As the shortest day of the year approaches, it is a good time to take stock of how the area is doing in keeping the sky dark at night. Gauging this is a largely subjective matter. By one measure, East Hampton Town has been able to maintain its view of the stars. Yet there appears to be more light leaking into the sky than ever before, and familiar pockets of brightness have gotten bigger and brighter.
For residents and visitors, dark night skies are one of the charms of the East End. For wildlife, too much light at night can alter reproduction and feeding and reduce protection from predators. For humans, it disrupts sleep rhythm, which has both emotional and health effects. Glare from poorly designed or improperly installed fixtures can create road hazards, especially for aging eyes. Then there is the issue of power use. In a time when we should be reducing our use of electricity to help slow climate change, unnecessary lighting is counterproductive. Thankfully, our area is one of the few remaining places on the Northeast coast where artificial illumination is not night’s defining attribute. But this is not assured over the long term.
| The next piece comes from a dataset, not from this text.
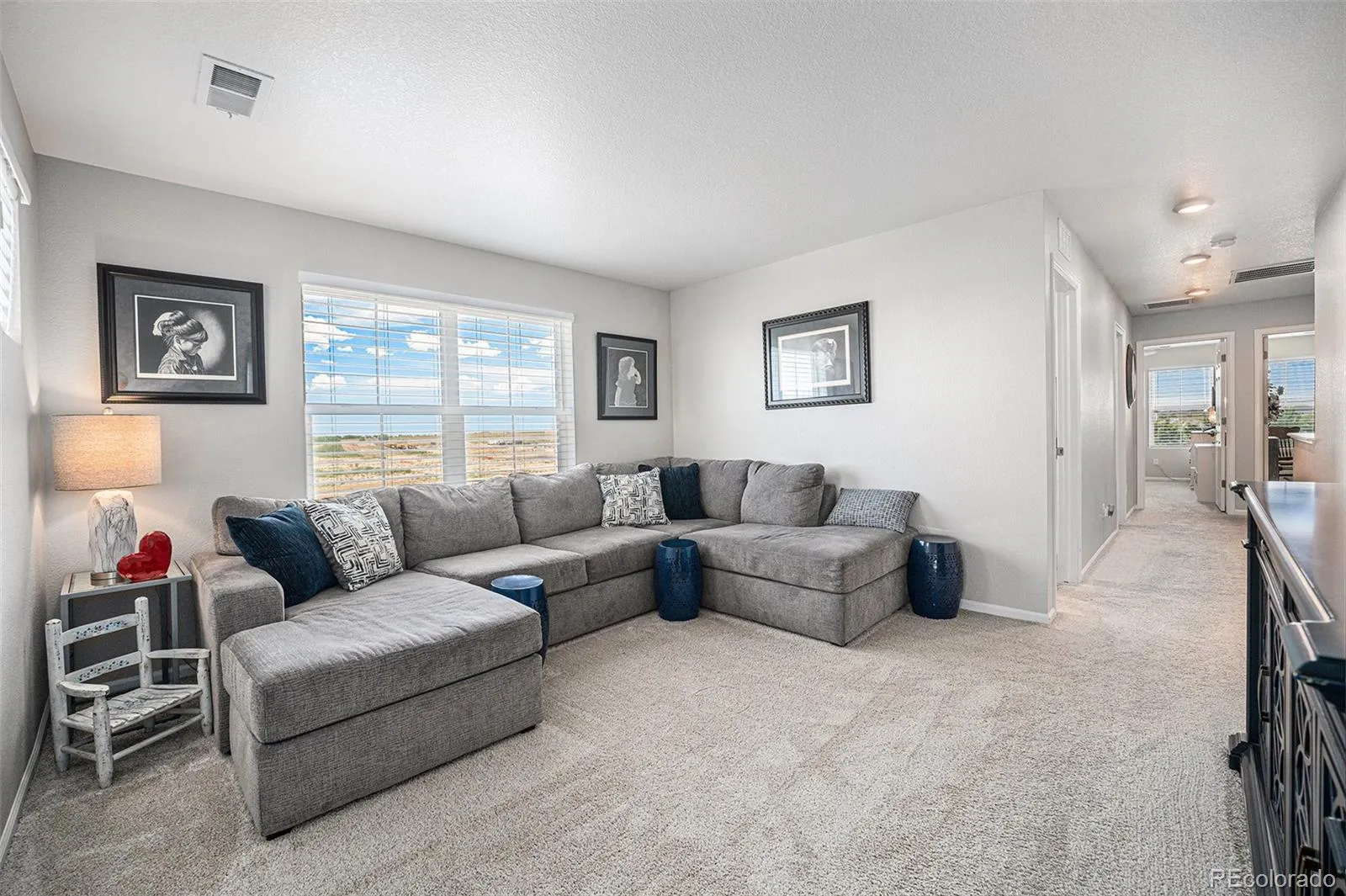 the spacious living area with an open floor plan that connects the large living room to the gourmet kitchen with a granite

The general tilt of the rules is intended to eliminate glare and keep light from “trespassing” beyond property lines by directing it downward. Tree “uplighting” no later than midnight and glare-free landscape fixtures are allowed, within certain brightness limits, but illuminating the side of a house, say, is not. Driveway post fixtures cannot be brighter than about that of a 25-watt incandescent bulb. Most lighting must be “warm,” or less than about 3,000 degrees Kelvin, depending on the municipality. Focusing spotlights on noncommercial flags and holiday lights of limited duration are allowed as well. But local laws to limit light pollution have had varying impact, largely because of indifference to enforcement.
Clear and dark skies help define our area. They are something worth fighting to preserve.